顾景行扶额:“青莲,我已经跟你解释过了,这完全是婚姻的先决条件,好吧,如果你不是修真,但我是马来西亚橡胶林里的割胶工,皮肤晒得黑黑的,打赤脚穿短裤,走起路来像个猴子一样,那你会喜欢我吗?”
岳青莲被他逗笑了:“那可不一定!”
微微地叹息一声,顾景行无奈地说:“女孩子就爱口是心非,我保证你在旅游的时候遇见了那样的一个我,会丢我一块美金硬币就不错了……”
“喂!”岳青莲抗议地说,“你最开始还不是想收我的生魂!”
顾景行突如其来地抱住了她,低声说:“我道歉……不过,我并不后悔,如果你是个凡人,就会死在那天,但是你活下来了,这个世界,只有能活下来的,才是胜利者,才有谈感情的资格,天地不仁,世为铜炉,你和我都不过是这铜炉里的生灵,修道者不是更应该比浑浑噩噩的凡人明白这一点吗?”

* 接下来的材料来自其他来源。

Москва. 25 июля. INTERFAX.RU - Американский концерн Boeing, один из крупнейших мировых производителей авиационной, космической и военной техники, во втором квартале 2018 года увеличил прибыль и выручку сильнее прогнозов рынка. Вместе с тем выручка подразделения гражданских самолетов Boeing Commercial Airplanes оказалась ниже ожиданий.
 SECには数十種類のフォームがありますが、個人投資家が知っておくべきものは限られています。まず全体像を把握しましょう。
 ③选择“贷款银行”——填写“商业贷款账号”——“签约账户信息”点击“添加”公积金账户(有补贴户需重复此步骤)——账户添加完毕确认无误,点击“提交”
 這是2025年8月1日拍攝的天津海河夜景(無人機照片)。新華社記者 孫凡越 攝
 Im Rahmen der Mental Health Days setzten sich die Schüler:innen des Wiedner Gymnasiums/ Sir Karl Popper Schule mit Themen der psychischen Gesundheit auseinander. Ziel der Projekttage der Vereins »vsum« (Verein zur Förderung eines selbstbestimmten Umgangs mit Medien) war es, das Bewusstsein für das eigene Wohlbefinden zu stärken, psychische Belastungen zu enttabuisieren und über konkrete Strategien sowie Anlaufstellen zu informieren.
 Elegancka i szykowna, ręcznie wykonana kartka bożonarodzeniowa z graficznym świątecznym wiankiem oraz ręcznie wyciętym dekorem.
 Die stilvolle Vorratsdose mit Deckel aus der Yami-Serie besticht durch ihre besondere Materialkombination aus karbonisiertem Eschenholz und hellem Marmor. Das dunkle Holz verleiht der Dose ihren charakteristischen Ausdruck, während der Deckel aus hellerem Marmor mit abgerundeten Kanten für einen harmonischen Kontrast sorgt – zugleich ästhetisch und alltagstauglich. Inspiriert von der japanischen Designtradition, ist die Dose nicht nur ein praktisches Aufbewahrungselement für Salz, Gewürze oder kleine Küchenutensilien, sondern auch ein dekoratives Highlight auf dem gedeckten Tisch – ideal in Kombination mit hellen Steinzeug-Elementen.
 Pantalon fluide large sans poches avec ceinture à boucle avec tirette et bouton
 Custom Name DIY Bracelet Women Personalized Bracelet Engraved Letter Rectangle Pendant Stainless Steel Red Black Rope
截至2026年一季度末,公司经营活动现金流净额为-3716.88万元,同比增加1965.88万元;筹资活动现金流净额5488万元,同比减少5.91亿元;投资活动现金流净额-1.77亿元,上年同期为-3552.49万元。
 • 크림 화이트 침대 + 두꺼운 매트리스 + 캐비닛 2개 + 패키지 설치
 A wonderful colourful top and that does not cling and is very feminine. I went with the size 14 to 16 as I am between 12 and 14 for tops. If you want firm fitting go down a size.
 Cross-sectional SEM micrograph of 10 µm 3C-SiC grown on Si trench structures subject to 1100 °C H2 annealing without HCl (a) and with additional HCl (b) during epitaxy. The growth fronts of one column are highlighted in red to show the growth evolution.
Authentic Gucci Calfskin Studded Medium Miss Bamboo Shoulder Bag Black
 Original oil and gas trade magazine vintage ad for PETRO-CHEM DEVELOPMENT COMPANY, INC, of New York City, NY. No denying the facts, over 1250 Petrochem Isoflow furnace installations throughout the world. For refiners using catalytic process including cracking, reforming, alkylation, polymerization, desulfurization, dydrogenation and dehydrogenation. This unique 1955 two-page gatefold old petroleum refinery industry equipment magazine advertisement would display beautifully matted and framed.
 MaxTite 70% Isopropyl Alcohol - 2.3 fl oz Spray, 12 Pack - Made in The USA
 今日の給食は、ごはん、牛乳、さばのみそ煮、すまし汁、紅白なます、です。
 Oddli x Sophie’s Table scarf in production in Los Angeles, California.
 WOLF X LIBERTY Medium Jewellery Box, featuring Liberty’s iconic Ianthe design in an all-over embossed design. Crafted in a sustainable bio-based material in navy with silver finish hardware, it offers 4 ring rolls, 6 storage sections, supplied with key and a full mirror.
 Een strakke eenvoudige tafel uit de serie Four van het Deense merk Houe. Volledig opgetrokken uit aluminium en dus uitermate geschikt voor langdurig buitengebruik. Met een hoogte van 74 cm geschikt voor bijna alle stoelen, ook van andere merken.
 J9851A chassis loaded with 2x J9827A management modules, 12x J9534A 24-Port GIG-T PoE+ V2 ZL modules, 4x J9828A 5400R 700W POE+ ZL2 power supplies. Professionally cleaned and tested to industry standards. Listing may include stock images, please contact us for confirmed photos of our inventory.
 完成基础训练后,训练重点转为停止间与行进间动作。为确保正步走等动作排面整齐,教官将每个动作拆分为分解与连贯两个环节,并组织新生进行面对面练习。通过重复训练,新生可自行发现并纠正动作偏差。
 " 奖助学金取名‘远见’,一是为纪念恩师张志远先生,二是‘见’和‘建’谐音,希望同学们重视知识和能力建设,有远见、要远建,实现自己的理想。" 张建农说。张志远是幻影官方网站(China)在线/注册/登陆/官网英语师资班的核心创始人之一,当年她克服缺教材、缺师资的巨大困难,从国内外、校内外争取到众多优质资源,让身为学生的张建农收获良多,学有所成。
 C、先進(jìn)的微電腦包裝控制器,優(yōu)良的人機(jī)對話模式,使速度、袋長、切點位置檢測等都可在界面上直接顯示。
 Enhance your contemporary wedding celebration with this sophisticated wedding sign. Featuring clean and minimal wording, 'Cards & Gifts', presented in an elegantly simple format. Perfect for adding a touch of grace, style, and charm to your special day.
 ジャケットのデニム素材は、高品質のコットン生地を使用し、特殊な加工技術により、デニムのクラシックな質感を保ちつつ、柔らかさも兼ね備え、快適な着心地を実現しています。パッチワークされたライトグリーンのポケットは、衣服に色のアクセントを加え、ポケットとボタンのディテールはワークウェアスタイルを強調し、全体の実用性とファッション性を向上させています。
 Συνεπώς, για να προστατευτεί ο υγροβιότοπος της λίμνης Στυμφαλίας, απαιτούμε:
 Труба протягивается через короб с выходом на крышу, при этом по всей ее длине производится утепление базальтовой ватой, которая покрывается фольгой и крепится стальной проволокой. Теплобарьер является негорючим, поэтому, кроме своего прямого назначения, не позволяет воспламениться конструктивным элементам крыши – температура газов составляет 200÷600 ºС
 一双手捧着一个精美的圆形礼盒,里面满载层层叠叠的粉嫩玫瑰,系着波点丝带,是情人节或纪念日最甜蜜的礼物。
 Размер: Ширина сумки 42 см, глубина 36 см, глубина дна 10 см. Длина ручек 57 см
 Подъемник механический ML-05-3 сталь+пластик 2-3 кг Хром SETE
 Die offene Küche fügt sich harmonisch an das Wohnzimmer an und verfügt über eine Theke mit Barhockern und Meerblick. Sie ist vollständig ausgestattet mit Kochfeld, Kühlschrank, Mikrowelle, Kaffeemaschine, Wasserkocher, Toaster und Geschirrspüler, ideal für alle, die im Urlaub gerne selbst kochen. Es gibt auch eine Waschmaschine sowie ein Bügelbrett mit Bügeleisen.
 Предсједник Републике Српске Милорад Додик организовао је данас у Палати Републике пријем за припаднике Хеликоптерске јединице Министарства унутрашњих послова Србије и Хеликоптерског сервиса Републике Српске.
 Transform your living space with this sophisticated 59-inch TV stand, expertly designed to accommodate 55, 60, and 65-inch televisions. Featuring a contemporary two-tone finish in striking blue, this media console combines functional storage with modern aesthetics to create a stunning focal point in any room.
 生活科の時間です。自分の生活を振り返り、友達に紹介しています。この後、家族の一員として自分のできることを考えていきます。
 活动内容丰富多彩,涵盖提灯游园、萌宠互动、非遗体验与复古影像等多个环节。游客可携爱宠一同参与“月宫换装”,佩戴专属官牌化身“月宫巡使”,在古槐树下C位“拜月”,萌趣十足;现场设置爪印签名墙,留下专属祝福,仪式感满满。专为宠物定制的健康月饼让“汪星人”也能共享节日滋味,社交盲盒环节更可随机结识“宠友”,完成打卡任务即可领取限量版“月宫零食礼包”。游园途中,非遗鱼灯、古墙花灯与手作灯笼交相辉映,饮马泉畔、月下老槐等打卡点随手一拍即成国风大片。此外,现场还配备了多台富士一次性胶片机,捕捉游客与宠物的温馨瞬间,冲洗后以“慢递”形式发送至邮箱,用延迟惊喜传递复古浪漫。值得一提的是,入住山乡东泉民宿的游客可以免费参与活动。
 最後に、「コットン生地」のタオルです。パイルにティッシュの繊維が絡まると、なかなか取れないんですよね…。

岳青莲微微不安,顾景行的气息包围了她,笼罩着她,草木的清香带着温暖的呼吸,他的胸膛近在咫尺,可以听到心脏勃勃地跳动,健康的气息显示着这个**的年轻美好,让她觉得好像他说的是对的……但自己还是无论如何不能接受。
“对不起,景行。”她向后缩了缩身子,顾景行并没有用手臂禁锢她,她这么一退,就离开了一点,“我想,我还是不能接受你的部分修炼方式。”
顾景行目光中略带黯然之色:“我明白……”
“我修道的日子太浅,但是有一点是不会变的,如果说尸油什么的是南洋降头术的独有材料,我可以理解,但祭炼生魂这点,我,我还是觉得有点伤天害理。”